WHAT YOU ARE ASKED TO DO:
Every line from the one containing "Juego de Ducha" to the one containing "Beaded Decorate Bust" in the records below, both included, must be set down exactly, and no other line.

STUDY MATERIAL:

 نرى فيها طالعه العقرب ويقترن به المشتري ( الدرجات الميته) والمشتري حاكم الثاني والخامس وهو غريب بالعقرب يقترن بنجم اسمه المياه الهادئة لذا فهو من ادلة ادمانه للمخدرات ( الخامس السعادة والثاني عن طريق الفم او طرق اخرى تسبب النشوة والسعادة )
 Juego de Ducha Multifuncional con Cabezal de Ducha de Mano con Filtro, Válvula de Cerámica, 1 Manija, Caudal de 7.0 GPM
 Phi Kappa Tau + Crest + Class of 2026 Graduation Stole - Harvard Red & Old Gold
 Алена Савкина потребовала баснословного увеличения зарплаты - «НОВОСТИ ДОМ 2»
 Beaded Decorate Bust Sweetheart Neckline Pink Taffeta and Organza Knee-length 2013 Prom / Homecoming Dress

--

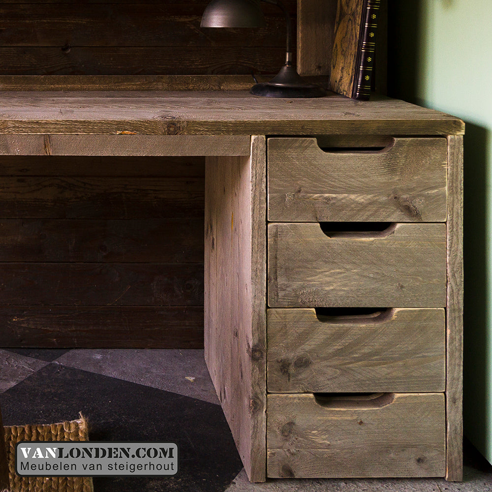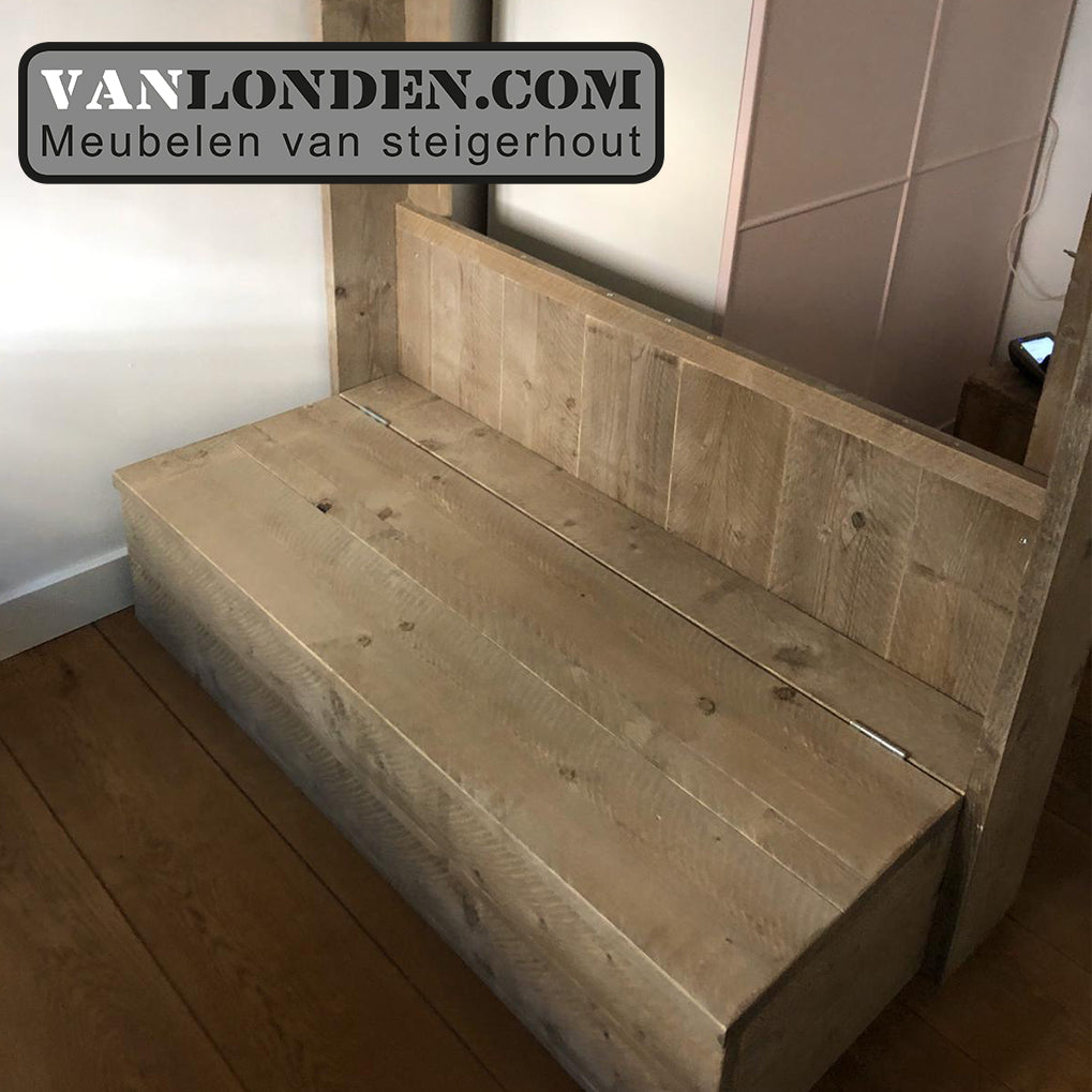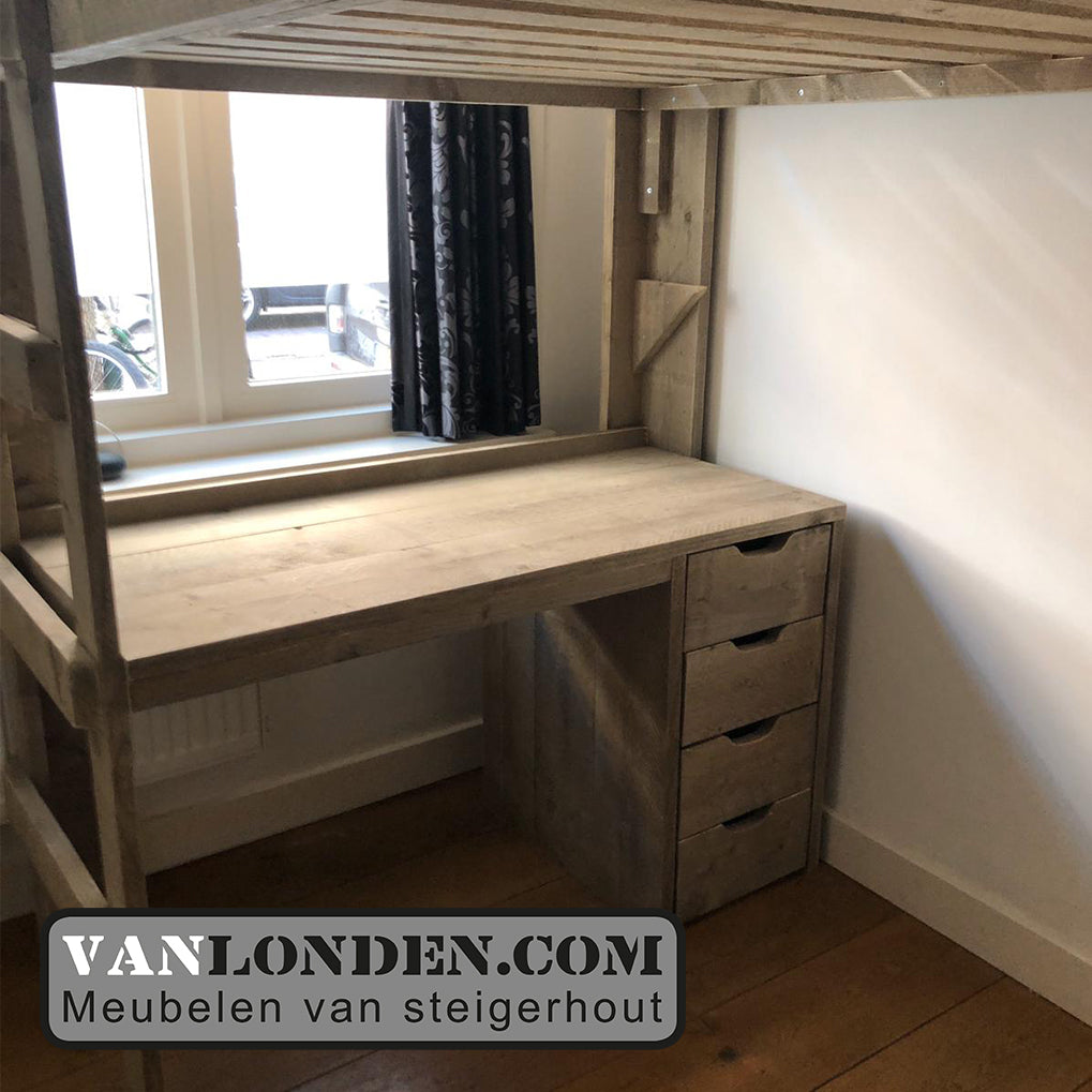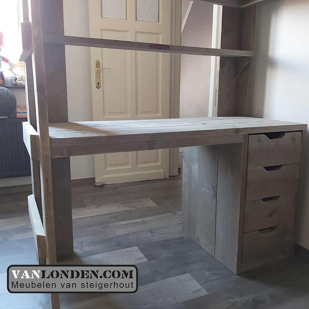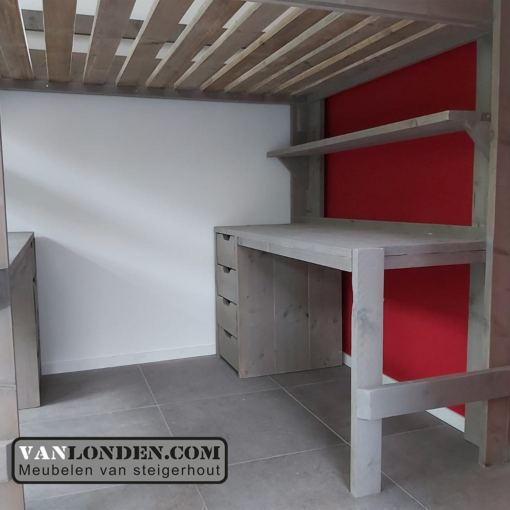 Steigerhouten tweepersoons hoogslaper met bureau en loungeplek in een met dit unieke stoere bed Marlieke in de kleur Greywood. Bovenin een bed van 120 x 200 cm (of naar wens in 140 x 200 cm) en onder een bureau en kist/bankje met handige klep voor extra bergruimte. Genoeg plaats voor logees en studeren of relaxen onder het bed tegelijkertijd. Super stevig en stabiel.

---

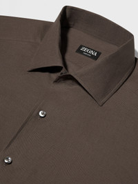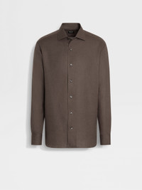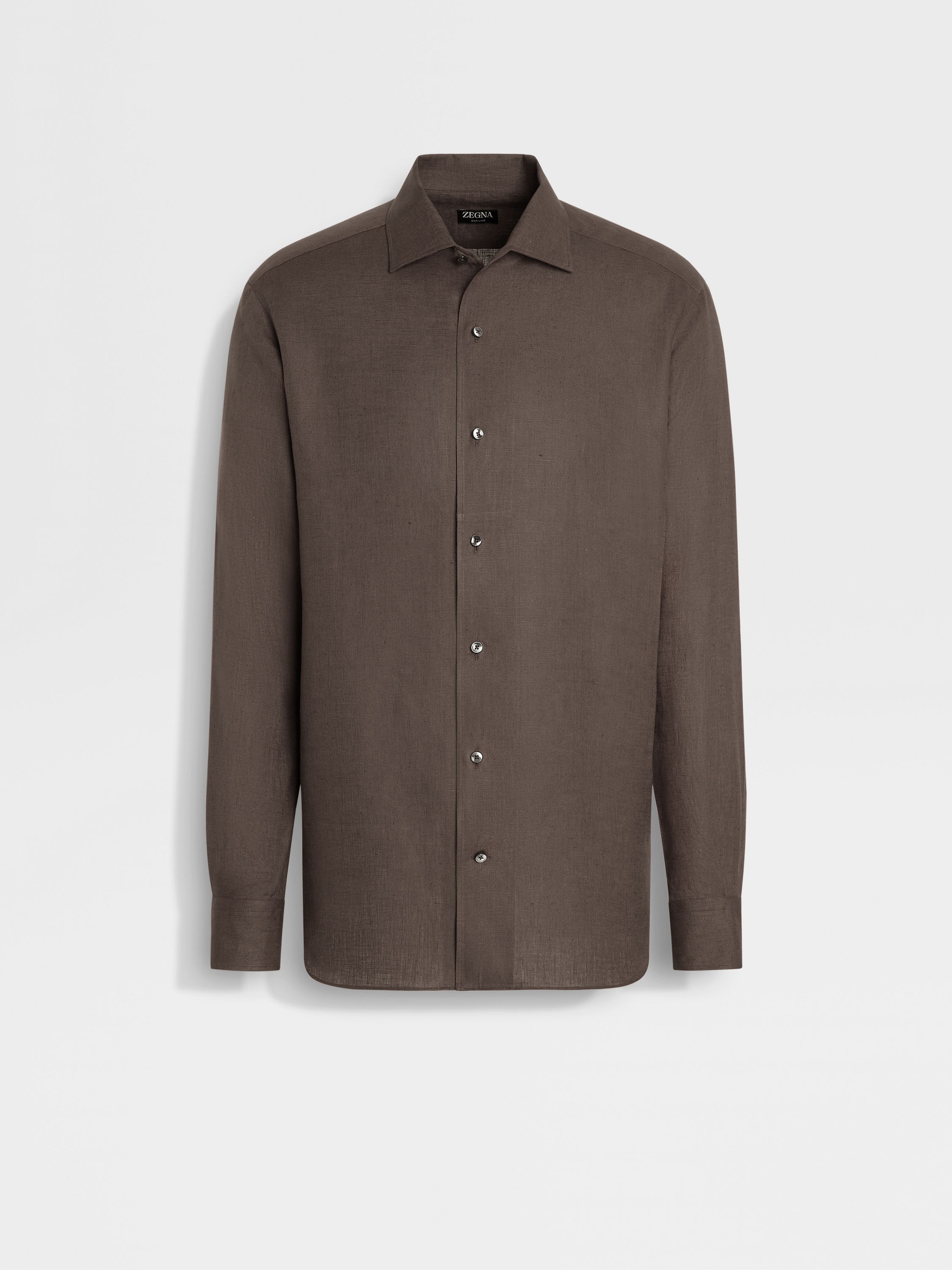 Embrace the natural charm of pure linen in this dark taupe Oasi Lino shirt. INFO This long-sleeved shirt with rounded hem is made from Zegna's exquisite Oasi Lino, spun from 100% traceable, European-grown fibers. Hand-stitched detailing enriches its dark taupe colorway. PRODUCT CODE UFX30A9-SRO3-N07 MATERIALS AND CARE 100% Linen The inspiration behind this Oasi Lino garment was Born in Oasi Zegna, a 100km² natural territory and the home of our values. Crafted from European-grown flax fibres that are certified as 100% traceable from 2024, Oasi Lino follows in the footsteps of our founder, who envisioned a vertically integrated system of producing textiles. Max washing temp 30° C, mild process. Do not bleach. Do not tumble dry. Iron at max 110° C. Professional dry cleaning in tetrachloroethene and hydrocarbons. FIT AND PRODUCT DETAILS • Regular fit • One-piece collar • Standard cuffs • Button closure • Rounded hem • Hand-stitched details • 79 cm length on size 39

SOLUTION BELOW:
 Juego de Ducha Multifuncional con Cabezal de Ducha de Mano con Filtro, Válvula de Cerámica, 1 Manija, Caudal de 7.0 GPM
 Phi Kappa Tau + Crest + Class of 2026 Graduation Stole - Harvard Red & Old Gold
 Алена Савкина потребовала баснословного увеличения зарплаты - «НОВОСТИ ДОМ 2»
 Beaded Decorate Bust Sweetheart Neckline Pink Taffeta and Organza Knee-length 2013 Prom / Homecoming Dress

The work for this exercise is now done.